Simon avait prononcé ces mots à voix basse, comme s’il avait eu honte. Les deux premiers morts de l’expédition... Un mineur réunionnais, et un menuisier français, Compagnons du Devoir, qui travaillaient au coffrage. Il y avait aussi quatre blessés, dont un électricien japonais dans un état grave.
Le Couloir est désigné sur le croquis par la lettre D.

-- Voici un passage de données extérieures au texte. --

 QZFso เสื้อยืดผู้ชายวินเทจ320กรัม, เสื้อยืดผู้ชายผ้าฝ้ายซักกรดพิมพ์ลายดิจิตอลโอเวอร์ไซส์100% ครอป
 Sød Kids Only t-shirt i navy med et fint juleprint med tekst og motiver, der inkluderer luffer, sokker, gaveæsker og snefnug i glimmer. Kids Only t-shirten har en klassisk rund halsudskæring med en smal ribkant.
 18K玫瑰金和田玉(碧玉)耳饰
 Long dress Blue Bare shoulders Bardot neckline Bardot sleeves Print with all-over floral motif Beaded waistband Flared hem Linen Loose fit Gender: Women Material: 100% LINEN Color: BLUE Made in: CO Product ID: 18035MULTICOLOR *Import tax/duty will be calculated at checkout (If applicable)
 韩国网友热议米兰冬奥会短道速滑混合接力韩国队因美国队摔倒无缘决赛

Dans la paroi de roche, il dessinait une ouverture qui avait dû être rectangulaire et que comblait un mélange chaotique de débris de roches, d’une sorte de ciment et de formes métalliques tordues et retournées à leur origine minérale. Entre cette ouverture et la porte de la Sphère, on avait trouvé, mélangé au sable, la même sorte de débris, qu’on avait soigneusement empaquetés et envoyés à la surface aux fins d’examen et d’analyse.

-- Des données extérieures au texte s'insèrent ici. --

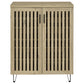 Transform your foyer or hallway with this versatile shoe cabinet, designed to keep your footwear organized and out of sight while complementing a variety of interior styles. Behind its distinctive vertical-slatted doors, multiple adjustable shelves provide ample room for everything from everyday sneakers to formal footwear. Crafted from engineered wood with a durable laminate veneer, it rests on slender metal legs, creating a balanced silhouette that enhances both form and function.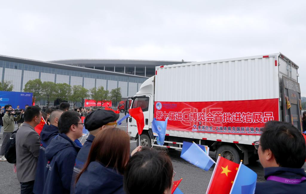 10月22日,裝載首批進館展品的卡車駛入儀式現(xiàn)場。當日,第七屆中國國際進口博覽會首批展品進館儀式在國家會展中心(上海)舉行。新華社記者方喆攝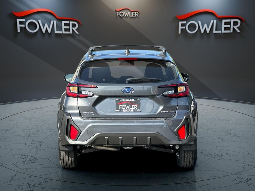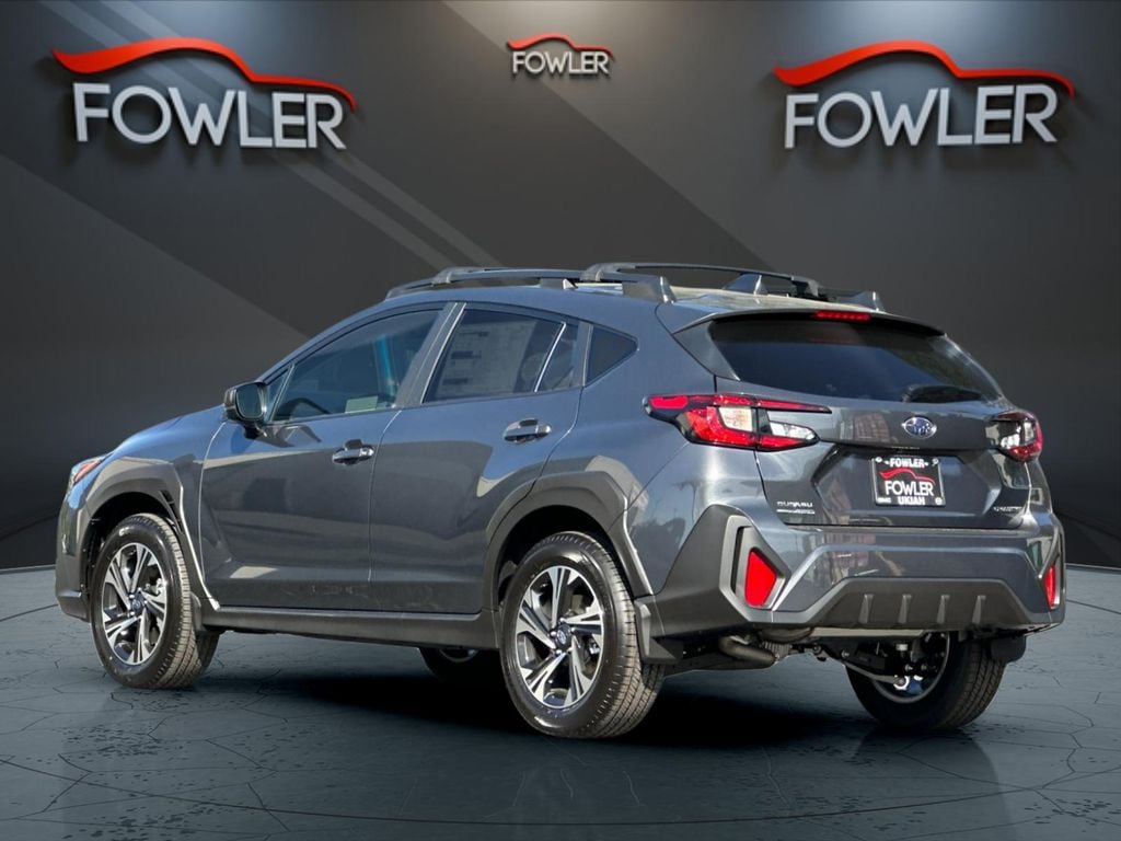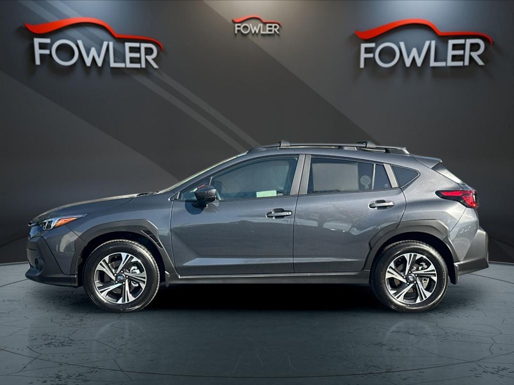 Gray Pearl 2025 Subaru Crosstrek Premium AWD Lineartronic CVT 2.5L 4-Cylinder DOHC 16V 4-Wheel Disc Brakes, 6 Speakers, ABS brakes, Air Conditioning, Alloy wheels, AM/FM radio: SiriusXM, Anti-whiplash front head restraints, Auto High-beam Headlights, Automatic temperature control, Brake assist, Bumpers: body-color, Cloth Upholstery, Driver door bin, Driver vanity mirror, Dual front impact airbags, Dual front side impact airbags, Electronic Stability Control, Emergency communication system, Exterior Parking Camera Rear, Four wheel independent suspension, Front anti-roll bar, Front Bucket Seats, Front Center Armrest, Front dual zone A/C, Front fog lights, Front reading lights, Fully automatic headlights, Illuminated entry, Knee airbag, Low tire pressure warning, Occupant sensing airbag, Outside temperature display, Overhead airbag, Overhead console, Panic alarm, Passenger door bin, Passenger vanity mirror, Power door mirrors, Power steering, Power windows, Radio data system, Radio: Subaru 11.6" Multimedia Plus System, Rear anti-roll bar, Rear seat center armrest, Rear window defroster, Rear window wiper, Remote keyless entry, Security system, Speed control, Speed-sensing steering, Split folding rear seat, Spoiler, Steering wheel mounted audio controls, Tachometer, Telescoping steering wheel, Tilt steering wheel, Traction control, Trip computer, Turn signal indicator mirrors, Variably intermittent wipers, Wheels: 17" x 7.0" J Machine Finish Aluminum-Alloy.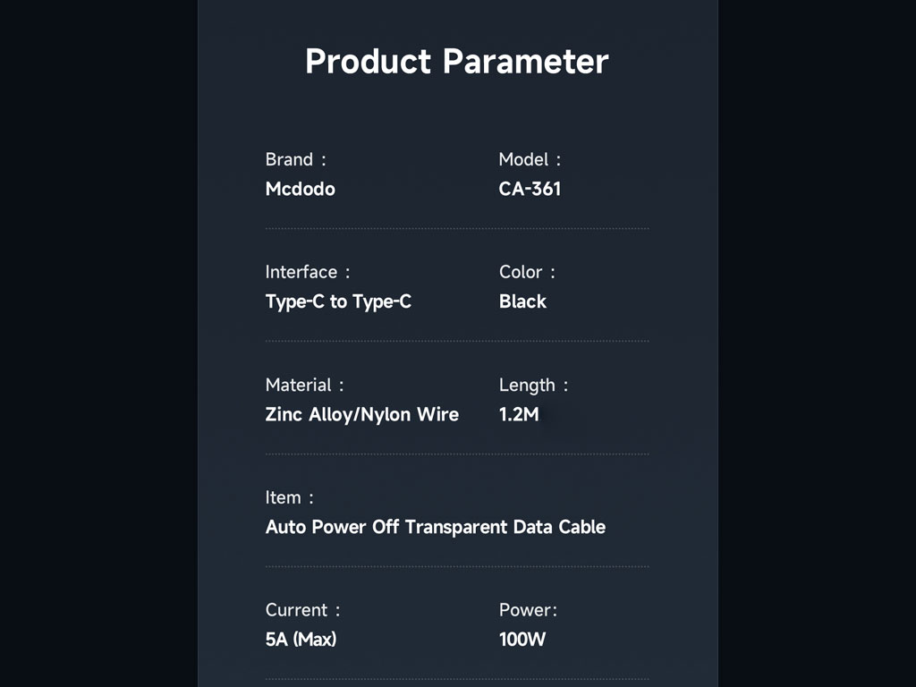 Mcdodo CA-3610 100W Type-C to Type-C Charging Cable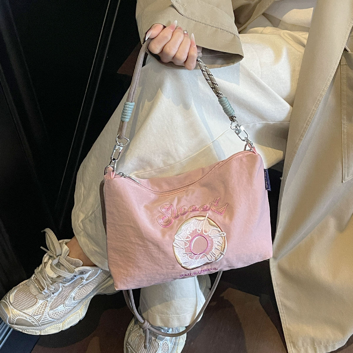 New simple casual versatile style ins embroidered nylon bag shopping commuting large capacity handbag lightweight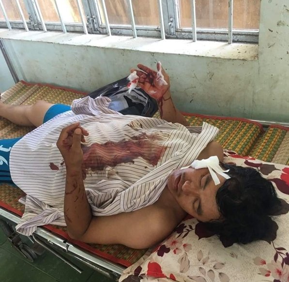 Anh Hoàng được đưa đến bệnh viện cấp cứu sau khi bị chém vào mặt (Ảnh: CTV)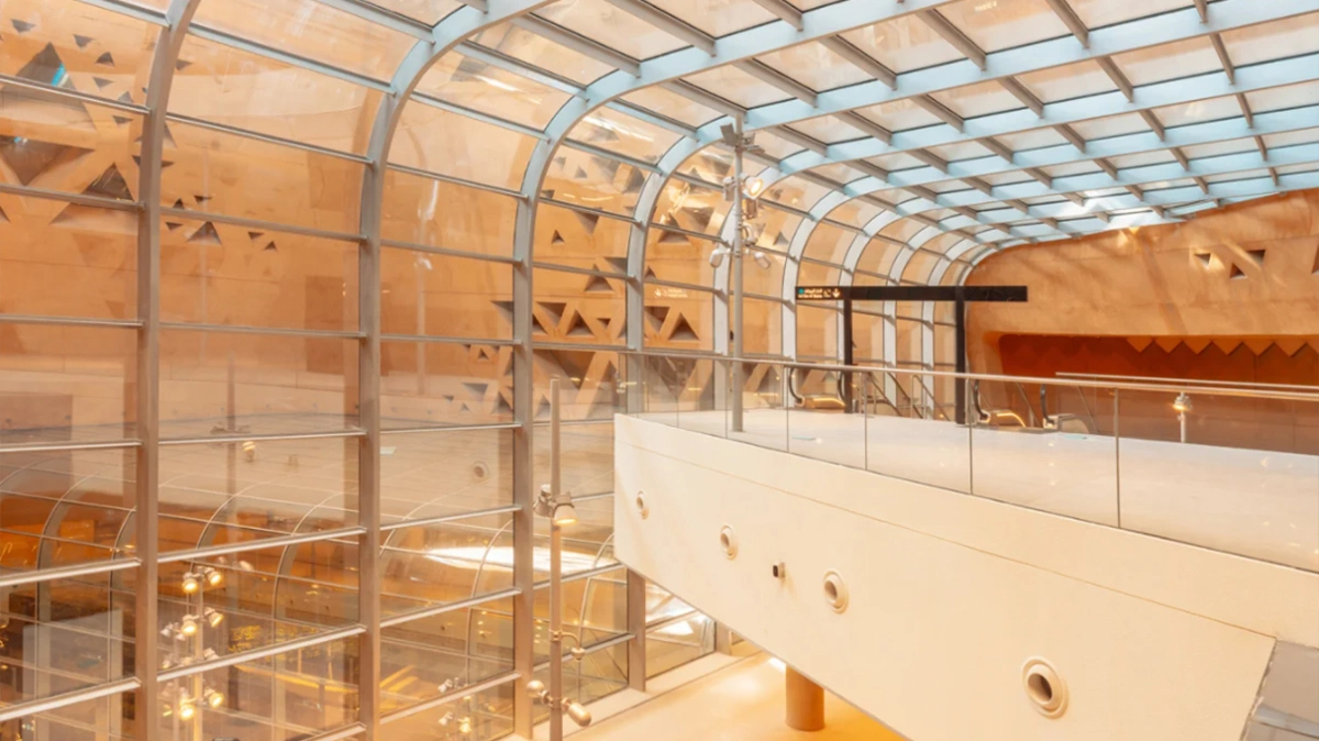 Ga Qasr Al Hokm có diện tích hơn 22.000 m2, sâu 40 m và gồm 7 tầng, 17 thang máy, 46 thang cuốn. Mái vòm thép không gỉ của nhà ga uốn cong phản chiếu hình ảnh khu phố xung quanh, tạo nên sự giao thoa giữa lịch sử và hiện đại.

Le Couloir avait été nommé ainsi parce que les savants pensaient qu’il était l’aboutissement d’un passage, mais ses proportions faisaient plutôt penser au profil d’une salle d’assez grandes dimensions. Quoi qu’il en fût, c’était sans doute à partir de là que les hommes du passé – s’il s’agissait d’hommes, mais de quoi d’autre aurait-il pu s’agir ? – avaient creusé et durci la roche, apporté le sable, et construit la Sphère. C’était le cordon ombilical à partir duquel celle-ci s’était développée dans son placenta rocheux. Ce Couloir venait de Quelque Part, et pouvait y conduire. On allait le déblayer, s’y introduire et aller voir...
Mais après la Sphère ? Explorer la Sphère d’abord, avait décidé l’assemblée des savants.
— Et moi, qu’est-ce que j’ai ?
Hoover voulut se tâter le crâne, mais ses doigts ne parvinrent pas jusqu’à sa tête. Il y avait entre elle et eux l’épaisseur d’un pansement.